Good argument, Mike. You’ve made you case well………
The probability can be calculated but it’s a bit tricky. It requires De Morgan’s law and the inclusion-exclusion law. Here are the details. Let E_i be the event of no royals of suit i in n trials. We want Pr(not E_1 and not E_2 and not E_3 and not E_4). By De Morgan, this is 1 – Pr(E_1 or E_2 or E_3 or E_4), and by inclusion-exclusion, we get 1 – (4Pr(E_1) – 6Pr(E_1 and E_2) + 4 Pr(E_1 and E_2 and E_3) – P(E_1 and E_2 and E_3 and E_4)). Now let p be the probability of getting a royal of suit i. Our formula can now be written 1 – 4(1-p)^n + 6(1-2p)^n – 4(1-3p)^n + (1-4p)^n. With n=62000 and p=(1/4)(1/43456) as in the article, the formula reduces numerically to 0.00810012, or one chance is 123.455. Unlikely, but not ridiculously so.
Thanks to you and De Morgan I now completely understand how Bob gets so many Royals.
It probably won’t, but Stewart’s post should shut everybody up…..please, it’s a joke.
Stewart: My regards to De Morgan! While I’m surprised that the number you came up with was so low, I don’t usually argue with math professors about math problems, and I’m not going to start now!
My problem with any such number, though, is we (actually you) came up with it after the event was already over and we knew the outcome.
The only numbers you used were 62,000 hands, four royals of different suits, and a royal cycle of 43,456. Next time any of us complete this type of royal cycle, it will be with a different number of hands and likely on a different game.
We could have included any number of specific details to make the number higher. Such as:
1 The order of the royals was diamonds, spades, hearts, and clubs
2 One of the royals was dealt
3 This happened on the same bank of machines during one extended visit.

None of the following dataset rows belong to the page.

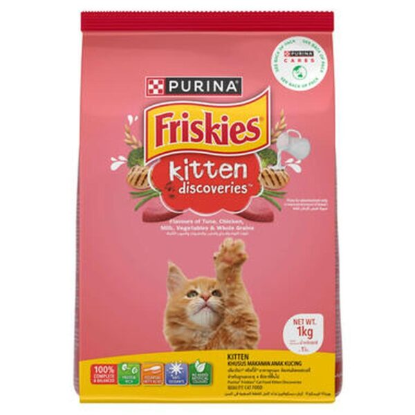افتح عالمًا سحريًا من الاكتشاف لقطتك الصغيرة مع كل لقمة من طعام القطط الجاف FRISKIES® Kitten Discoveries. هذه الحبيبات الصغيرة مصنوعة من العديد من النكهات المثيرة واللذيذة مثل التونة والدجاج والحليب والخضروات والحبوب الكاملة، لتلبية رغبة قطتك الصغيرة في المغامرة. يوفر FRISKIES® Kitten Discoveries لقطتك تغذية كاملة ومتوازنة ويحتوي على البروتين والأحماض الدهنية الأساسية مع أوميغا 3 و6، مضادات الأكسدة، التورين، الكالسيوم، وفيتامين د لتلبية احتياجات التغذية لقطتك الصغيرة.
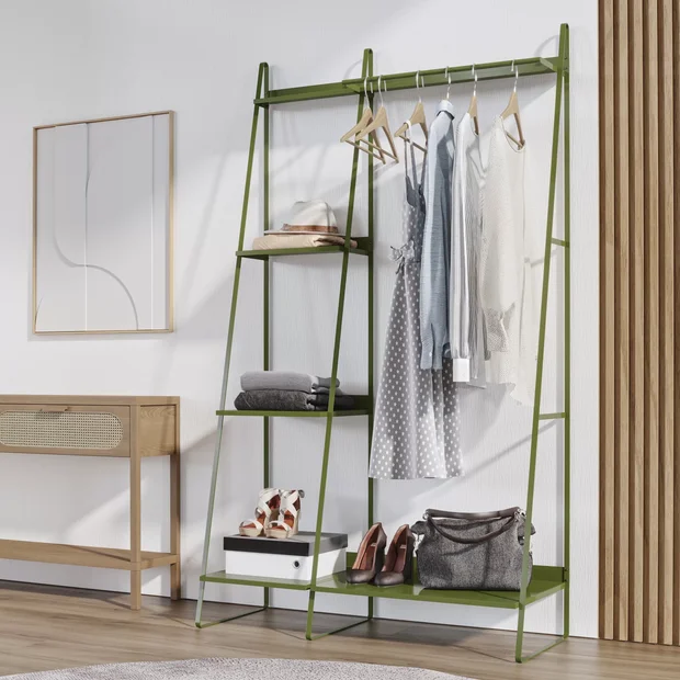 Arara de Roupas em Aço Begônia CabeCasa MadeiraOriginals Verde Musgo
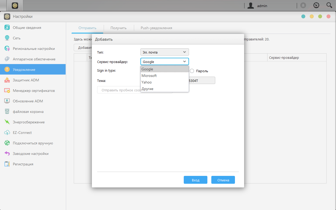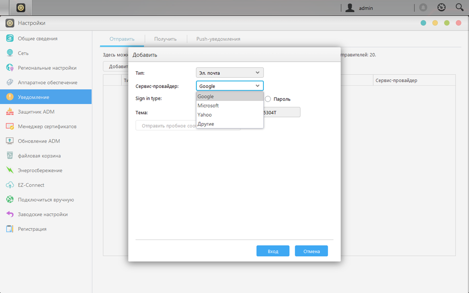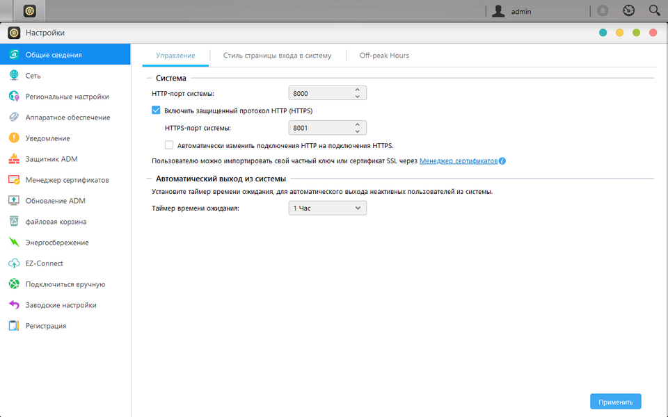 В отличие от других производителей, собственно параметры конфигурации сетевого накопителя разнесены по нескольким разделам. Прежде всего, это пункт «Настройки». Традиционно здесь есть пункт обновления прошивки (есть и сервис автоматической проверки и уведомления о новых версиях), сброса настроек (сохранение и восстановление конфигурации осуществляются в модуле резервного копирования), региональные параметры.
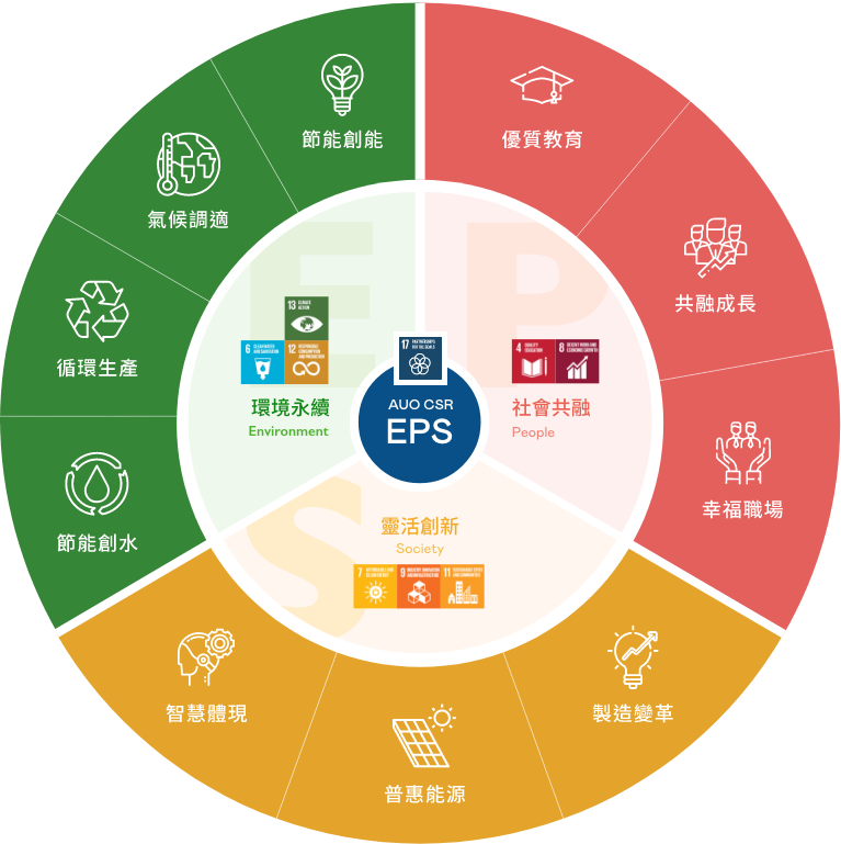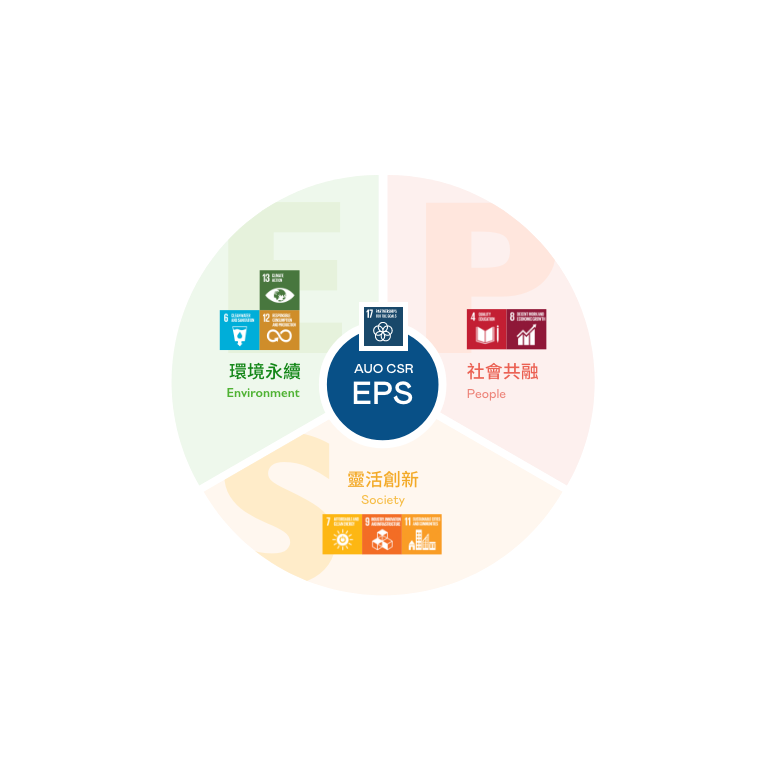 根據聯合國所發展的 17 項永續發展目標,AG旗舰厅 (中国大陆) 光電以「超越企業社會責任,創造共享價值」為企業永續願景發展藍圖,訂出環境永續、共融成長與靈活創新的 AUO EPS ( Environment,People & Society ) 三大永續發展主軸,以回應日益受關切的環境議題與社會共融趨勢。

4 This was accompanied by certain additional interesting dealt hands
Any or all of these “extras” would have bumped the odds against this — and who’s to say exactly which ones shouldn’t be included?
Still, it was far more refreshing to think about what you wrote than mike’s “Quite while you’re ahead!” nonsense.
Hi Bob. I don’t blame you for being skeptical. Because of the alternating signs, the argument lacks good intuition. An alternative approach occurred to me, which may be more in line with your thinking. Let p be the probability of a royal (of any suit). The number of royals in n trials has the binomial(n,p) distribution. With n large and p small, this is well approximated by the Poisson(L) distribution with parameter L = np. The probability of k royals is then approximately f(k) = L^k e^(-L)/k! The next ingredient is, given k royals (4 or more), what is the probability that there is at least one royal of each suit, call it g(k). There is a formula for this, g(k) = 1 – (3/4)^k + 6(1/2)^k – 4(1/4)^k. For example, g(4) = 0 09375 and g(5) = 0.234375. To get the final result, we must sum the terms f(k)g(k) from 4 to infinity (4 to 100 suffices). With n = 62000 and p = 1/43456, we get 0.00810058, or one chance in 123.488. The result is similar to before, but it is easier to understand.